Наташа, легко и даже весело переносившая первое время разлуки с своим женихом, теперь с каждым днем становилась взволнованнее и нетерпеливее. Мысль о том, что так, даром, ни для кого пропадает ее лучшее время, которое бы она употребила на любовь к нему, неотступно мучила ее. Письма его большей частью сердили ее. Ей оскорбительно было думать, что тогда как она живет только мыслью о нем, он живет настоящею жизнью, видит новые места, новых людей, которые для него интересны. Чем занимательнее были его письма, тем ей было досаднее. Ее же письма к нему не только не доставляли ей утешения, но представлялись скучной и фальшивой обязанностью. Она не умела писать, потому что не могла постигнуть возможности выразить в письме правдиво хоть одну тысячную долю того, что она привыкла выражать голосом, улыбкой и взглядом. Она писала ему классически однообразные, сухие письма, которым сама не приписывала никакого значения и в которых, по брульонам, графиня поправляла ей орфографические ошибки.
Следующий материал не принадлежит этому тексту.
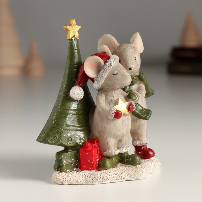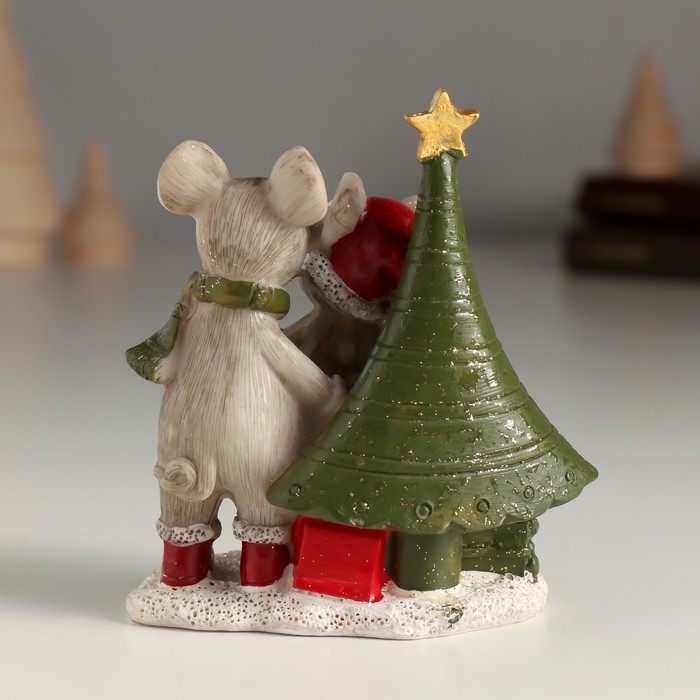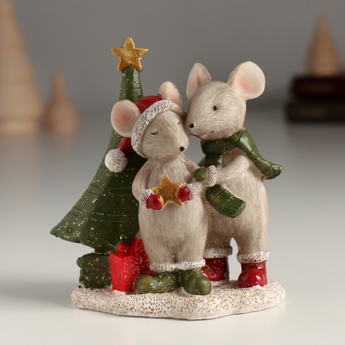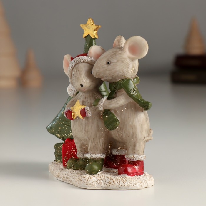 Сувенир полистоун "Пара мышек у новогодней ёлки" 8,5х5х10 см

Здоровье графини все не поправлялось; но откладывать поездку в Москву уже не было возможности. Нужно было делать приданое, нужно было продать дом, и притом князя Андрея ждали сперва в Москву, где в эту зиму жил князь Николай Андреич, и Наташа была уверена, что он уже приехал.
Графиня осталась в деревне, а граф, взяв с собой Соню и Наташу, в конце января поехал в Москву.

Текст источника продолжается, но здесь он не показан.